La passività del fedele, condizione indispensabile dell’esperienza, si spiega in quella affermazione di Aristotele, quando egli espressamente dice che i fedeli non dovevano apprendere niente nel senso di una conoscenza razionale, ma dovevano venire coinvolti e mossi emotivamente, per cui la verità veniva rivelata solo tramite immagini e segni. Riguardo al mondo in cui questi eventi sono stati rappresentati si sono fatte innumerevoli speculazioni; il racconto più autorevole di quella notte rituale ci viene da Apollodoro di Atene. Al rito supremo, al suono del gong colpito dal gerofante gli dei si rivelano, Kore stessa viene evocata e riappare dal regno dei morti. La situazione emozionale evocata dal rituale, dal suono incessante dei tamburi, dalla stessa preparazione al rito col digiuno e dall’aver bevuto la pozione magica, metteva il partecipante in una situazione di partecipazione totale all’evento, per cui il mito veniva, colla sua rappresentazione, completamente rivissuto divenendo realtà. Ad Eleusi, l’iniziato partecipava di una sorta di intimità con le dee, venendo trasportato in una dimensione psichica transpersonale e divina. L’identificazione psichica e simbolica con Demetra, nel suo perdere la figlia, nel suo lutto per poi «ritrovare » e « rinascere », ci indica che il concetto che è alla base del mitologema di Eleusi rendeva tale luogo come spazio di rievocazione simbolica della rinascita e che i misteri che ad Eleusi si celebravano, per la presenza di Persefone, esprimevano il mistero della vita che sorge dalla morte. Il femminile, nel suo particolare rapporto con la morte, assumeva un valore centrale nel rito e nella realizzazione del mistero.

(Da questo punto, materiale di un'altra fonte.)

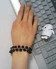 まだネックレスが作れるほどのビーズ数が無いので、作り直したブラックシリカのブレスを2ぼいさんに巻いてみました。ほ~ら、マイナスイオンをいっぱい吸って元気いっぱいになるんだよ~(笑)。

La via iniziatica che ad Eleusi si acquisiva era una via priva di parole, che si condensava in una conoscenza non esprimibile verbalmente e razionalmente, ad Eleusi l’iniziato, uomo o donna indifferentemente che fosse, partecipava piuttosto ad una visione; nel suo chiudere gli occhi e penetrare nell’oscurità del rito, veniva rivissuto l’abbandono di Persefone avvenendo ciò che Kerenyi ha chiamato « un atto interiore, anche se si tratta di un atto di dedizione », che in realtà assumeva il senso di un atto psichico numinoso e trasformativo. Kerenyi ci racconta che ad Eleusi si metteva in atto un processo che trovava il suo culmine massimo nei grandi misteri; egli ci riferisce che gli iniziati lungo il cammino verso Eleusi si adornavano di rami di mirto: il mirto è di Afrodite e nello stesso tempo dei morti. Possiamo pensare, a livello psicologico, che Demetra la dea madre si adira e si rattrista per quell’aspetto Kore di se stessa che viene rapito dal suo proprio essere, quella stessa Kore che poi riavrà e nella quale rigenererà se stessa. Il mitologema della madre-figlia come molti hanno sostenuto, rappresenta essenzialmente l’idea della Rinascita. Nell’aspetto più segreto del Mito, quale momento centrale del Mistero, riappare il tema archetipico delle nozze violente, o nozze di morte dove il rapitore è Ade, il dio della morte; acqua e oscurità nel mito rappresentavano sempre elementi significativi, nell’oscurità si celebravano le nozze violente di Demetra e nell’oscurità si abbandonava l’iniziato.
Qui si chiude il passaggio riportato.